**Task prompt**
Go to the line with "展会中,百达翡丽一款价值约三" in the records below, then output it and each following line exactly, up to and including the line with "抖音黑板报今日发文称,近期,平台发现部分". Skip pictures and add nothing.

**Excerpted records**
• • • • •
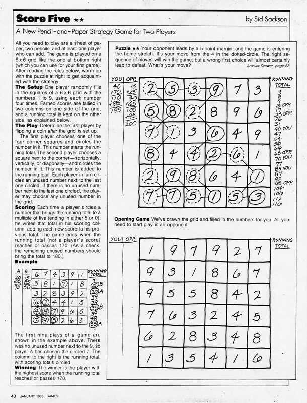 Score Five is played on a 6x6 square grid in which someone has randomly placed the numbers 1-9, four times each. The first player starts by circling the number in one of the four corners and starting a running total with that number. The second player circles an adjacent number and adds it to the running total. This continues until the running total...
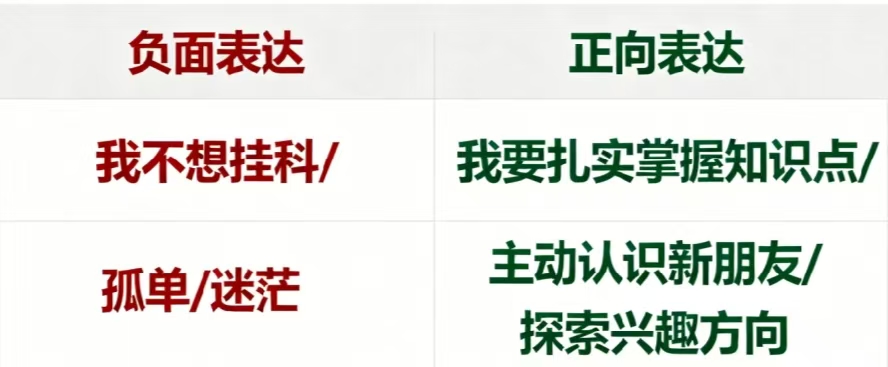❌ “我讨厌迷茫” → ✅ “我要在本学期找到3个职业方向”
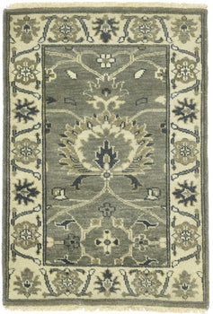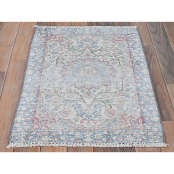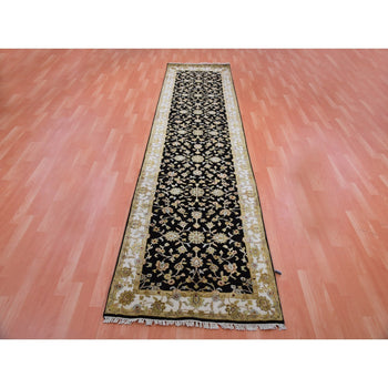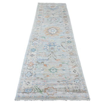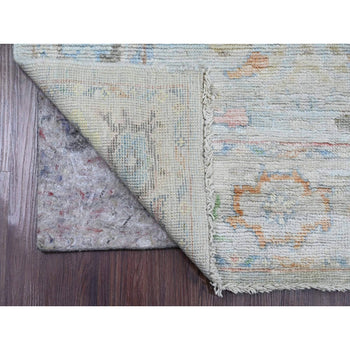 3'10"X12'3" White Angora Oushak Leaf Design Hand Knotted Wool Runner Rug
• • • • •
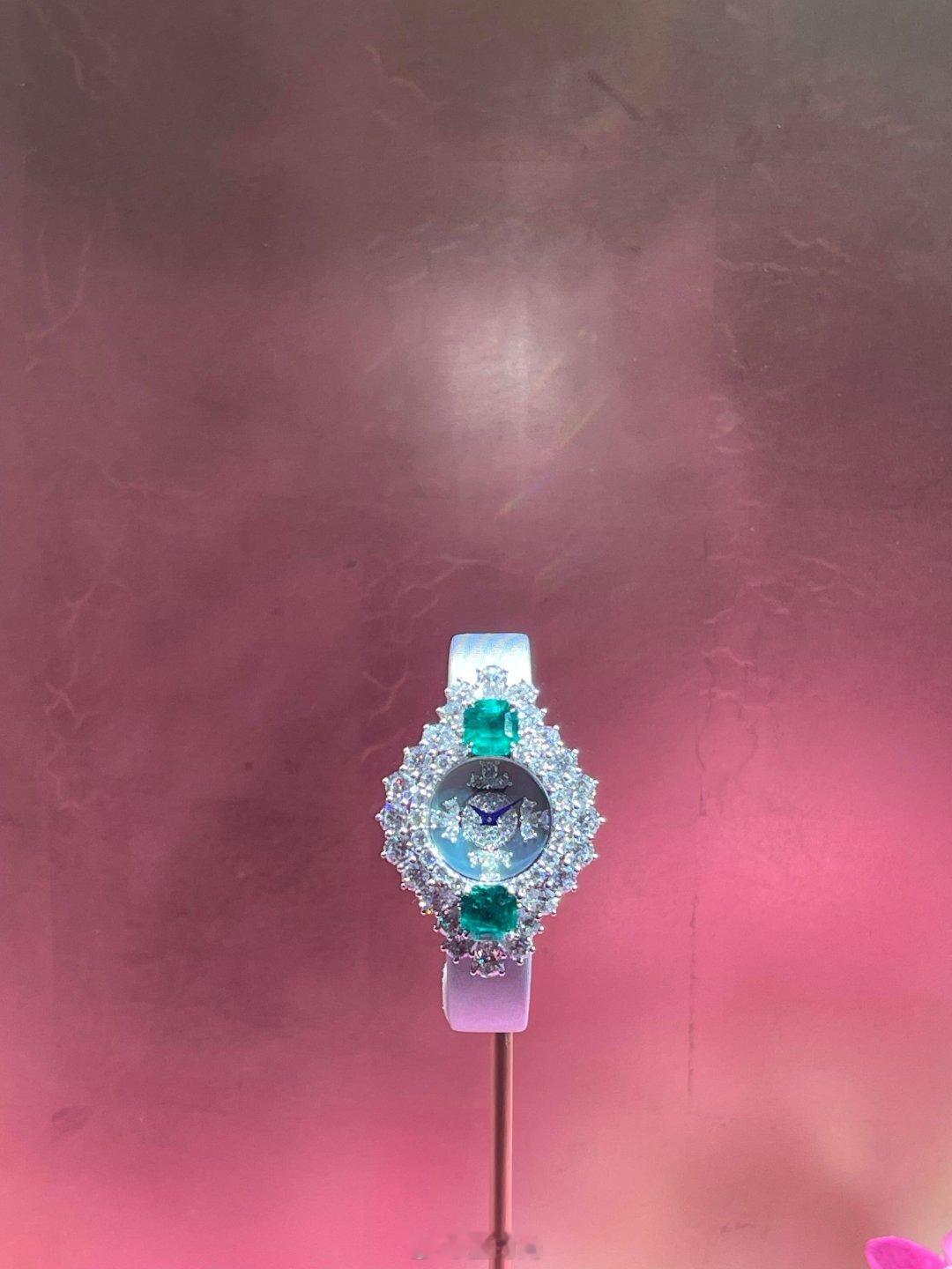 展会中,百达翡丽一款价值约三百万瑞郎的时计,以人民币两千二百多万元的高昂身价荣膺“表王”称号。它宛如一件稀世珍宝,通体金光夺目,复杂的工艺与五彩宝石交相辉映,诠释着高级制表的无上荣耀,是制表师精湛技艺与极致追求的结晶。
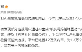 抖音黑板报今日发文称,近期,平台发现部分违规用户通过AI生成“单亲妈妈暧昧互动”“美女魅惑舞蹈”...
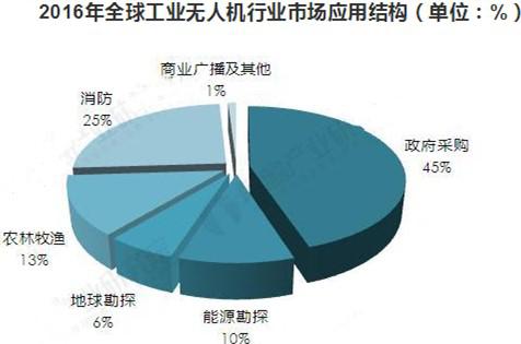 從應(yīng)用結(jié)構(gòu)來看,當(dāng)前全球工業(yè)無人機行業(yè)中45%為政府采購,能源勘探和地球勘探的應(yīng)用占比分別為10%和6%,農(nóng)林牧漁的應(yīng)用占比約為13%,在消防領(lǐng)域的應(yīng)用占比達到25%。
• • • • •
**Solution to the exercise**
 展会中,百达翡丽一款价值约三百万瑞郎的时计,以人民币两千二百多万元的高昂身价荣膺“表王”称号。它宛如一件稀世珍宝,通体金光夺目,复杂的工艺与五彩宝石交相辉映,诠释着高级制表的无上荣耀,是制表师精湛技艺与极致追求的结晶。
 抖音黑板报今日发文称,近期,平台发现部分违规用户通过AI生成“单亲妈妈暧昧互动”“美女魅惑舞蹈”...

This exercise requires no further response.